I feel like many dont really know what "love" is/mean. I think most of the time people say it when they are infatuated and at the height of their romantic "feelings". you can say it when you feel it. most people do. and let the chips fall where they may. may end up regretting it later. may not. but I dont start to believe anybodys "I love you" until we have been together for atleast a year or two and they still choose to want to be with me lol. after knowing me inside and out flaws and all if you still "love" me theeeeeeen I would actually believe those words once aimed.

 

so say it when you feel it and see if you actually mean it over time or you can just wait till you know you mean it

 

good luck

  • Like 1
Posted

I've been told at 2 weeks and at 1 month.

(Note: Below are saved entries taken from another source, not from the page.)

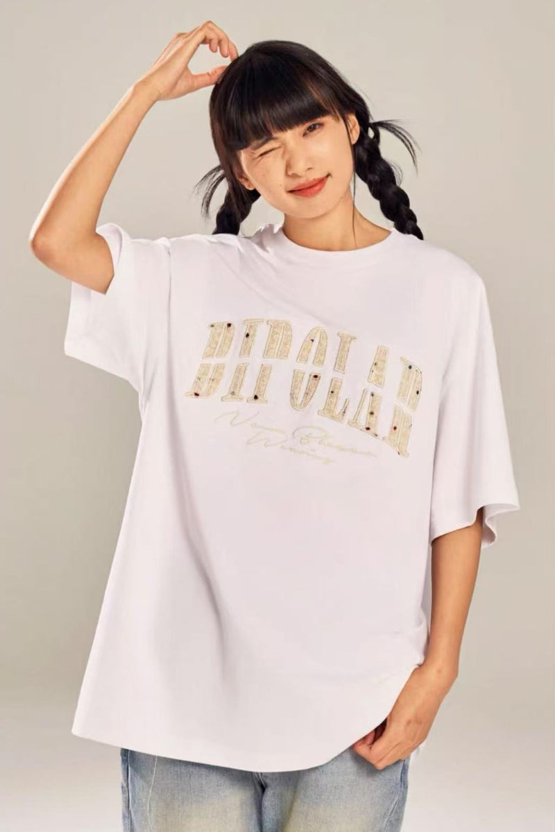 BIPOLAR Round Neck Patch Embroidered T-shirt
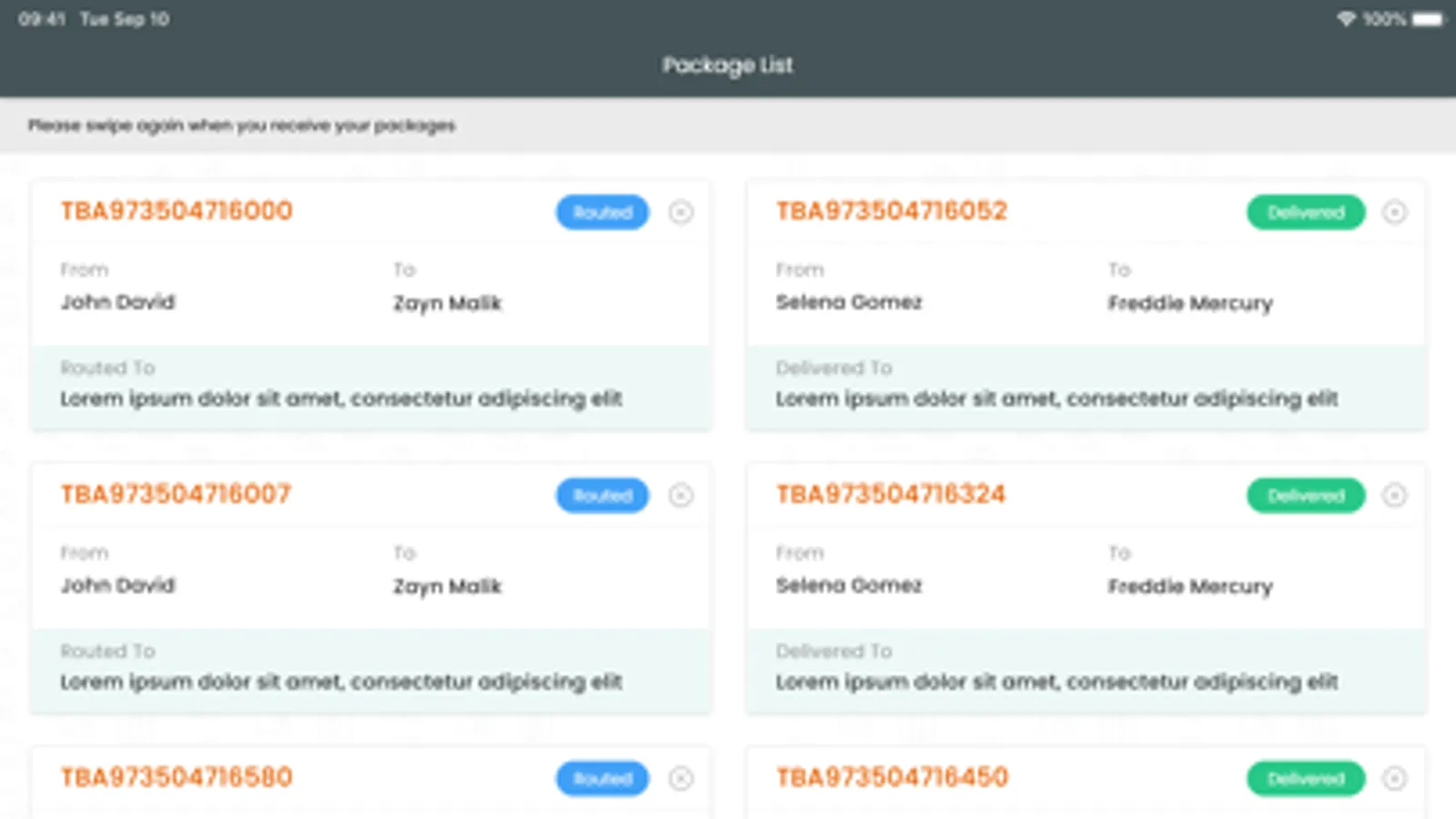 Packages to be picked up display on both the Kiosk, the mailroom user’s QTrak App, and Smart TV that can access a specific URL
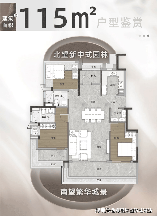 约90-94㎡横厅三房两卫:客餐厅开间约6米,主卧带270°飘窗,通透感强;
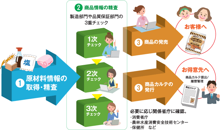 正確な原材料情報の取得と法令に適合した間違いのない商品情報を管理する体制を構築しています。

I felt compelled to say it at around the 2 month mark for the second person. Never had feelings for the first dude.

 

So I'd say maybe at the 1 to 3 month mark sounds good. Tho I think 1 month in (if u dont have a previous friendship) might be a bit early and u risk her not being at that level yet.

Posted

rightondude, if you guys have done all that 'stuff' in only 2 months time you are probably taking it waaay too fast. you need to slow down. r3emember that once you drop the "L" bomb you cannot take it back. if I were you i'd wait a couple more months...

Posted

Maybe I'm naive or too romantic. But, I believe that you can say this when you realize you feel it. Just don’t be nervous if the person doesn’t respond to you instantly. Relationships do not end just because you say the "L" word.

  • Like 1
Posted

Every man I've ever had a relationship with said it within the first few months. If he hadn't, I'd have begun to lose interest and detach.

Posted
Relationships do not end just because you say the "L" word.

 

sometimes they do aria789

Posted
sometimes they do aria789

 

If so not the end of the world and not meant to be.

Posted

I told my GF when we were in the shower together. IIRC her head was under the water and so her reaction was something like "Wait. What?"

 

LOL

  • Like 2
Posted

You want to get the feeling that she reciprocates. For example, you don't want to say it if she's been kind of stand-offish or wanting to spend more time away from you than usual or if she has lots to complain about or if there's times you wonder if she's seeing someone or trying to meet someone on OLD.

 

If you do it when someone isn't as invested as you, it usually brings about a split, so you are right to be cautious about the timing.

 

On the other hand, if she always wants to spend time with you and you have a great time together and it doesn't seem one-way or imbalanced, then that's great. If you haven't already had the "exclusive" talk, of course that is the first step. But I would hope if you are feeling that way and it's been some months, that you are already exclusive officially.

 

So how long have you been dating, real dates, not seeing her under the guise of being just friends? It takes time to really know someone, so you don't want to jump the gun and then find yourself committed and then find out you are just getting to know the real her instead of the "best early dating behavior" her.